Urinary phenylacetylglutamine (U-PAGN) concentration as biomarker for adherence in patients with urea cycle disorders (UCD) treated with glycerol phenylbutyrate.

Urinary phenylacetylglutamine (U-PAGN) concentrations in spot urine samples were analyzed as a dosing biomarker during glycerol phenylbutyrate (GPB) dosing in 68 healthy adults and 66 adult and pediatric patients with urea cycle disorders who participated in GPB clinical trials. Age- and body surface area (BSA)-specific 25th percentile cutoff points for spot U-PAGN concentrations (<~9000 μg/mL for < 2 years old patients, < 7000 μg/mL for > 2 years with BSA ≤ 1.3 m2, and <~5000 μg/mL for > 2 years of age with BSA > 1.3 m2) were determined as an approach to identify patients for whom increased dosing and/or adherence to prescribed dosing should be assessed.

Introduction

Urea cycle disorders (UCDs) are manifested by the accumulation of toxic levels of ammonia in the blood and brain [1], [2], [3]. Patients whose symptoms are not adequately controlled with diet alone are generally treated with phenylacetic acid pro-drugs such as glycerol phenylbutyrate (GPB) and sodium phenylbutyrate, which lower ammonia by enhancing excretion of waste nitrogen in the form of urinary phenylacetylglutamine (PAGN) [4], [5].

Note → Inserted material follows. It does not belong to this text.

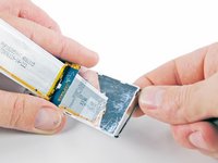 From the top of the iPod, insert a metal spudger between the outer case and the battery to remove the adhesive that holds the battery in place.
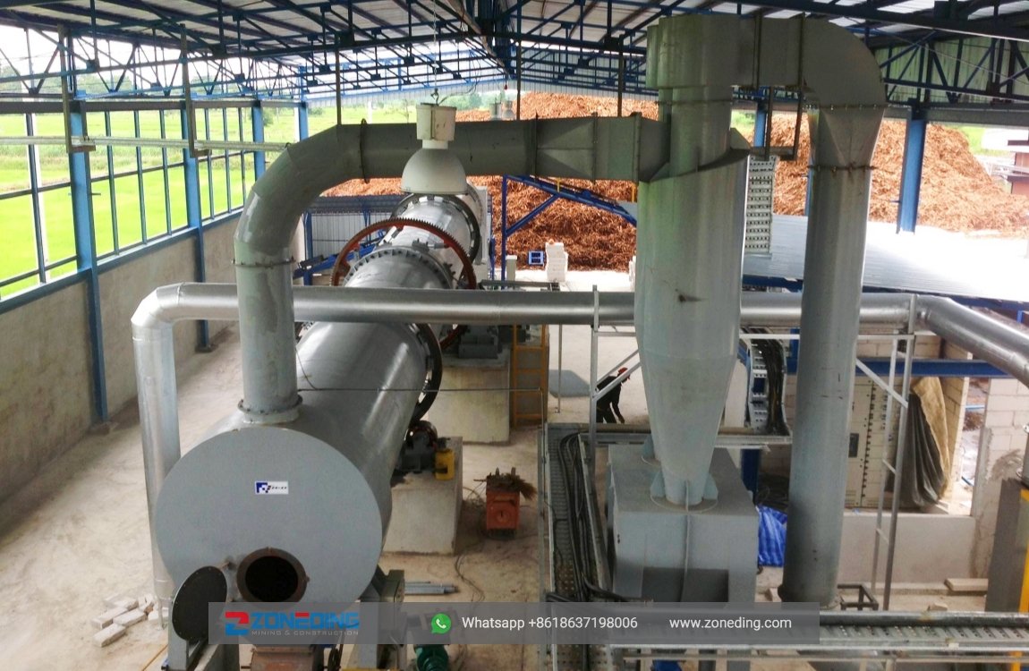 1. The sawdust is fully dried in the rotating cylinder;

Recent studies indicate that blood ammonia and phenylbutyrate metabolite levels, including the plasma phenylacetate (PAA):PAGN ratio and the total daily urinary PAGN (U-PAGN) output, are useful biomarkers of GPB dosing [6], [7]. However, measurement of daily U-PAGN output involves timed urine collections [7] which are cumbersome in adults and generally not feasible in children on an outpatient basis. In contrast, measurement of U-PAGN concentration can be readily performed on spot urine samples in patients of all ages.

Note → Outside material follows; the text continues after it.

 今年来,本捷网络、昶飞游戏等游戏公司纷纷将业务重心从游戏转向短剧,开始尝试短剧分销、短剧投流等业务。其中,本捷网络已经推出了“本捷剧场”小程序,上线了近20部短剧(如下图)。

The objective of this study was to evaluate the utility of morning spot U-PAGN concentrations as a marker of GPB dosing across all age groups of UCD patients.

Methods

A total of 500 spot urine samples, including 259 of which from the first morning void (fasting), were collected from 68 healthy adults and 66 UCD patients (44 adult and 22 pediatric patients < 6 years of age). Samples were collected during dosing with GPB (RAVICTI®, Horizon Pharma) in one of three clinical studies: a blinded crossover thorough QTc study in healthy adults; a randomized, double-blind, active-controlled, crossover study in adult UCD patients [8] and a short-term, open-label, switchover study in UCD patients < 6 years of age [9] (ClinicalTrials.gov NCT01135680, NCT00992459, and NCT01347073). The protocol and informed consent for each study were reviewed and approved by the Investigational Review Board of each participating institution and informed consent was obtained from all subjects prior to the initiation of any study procedures.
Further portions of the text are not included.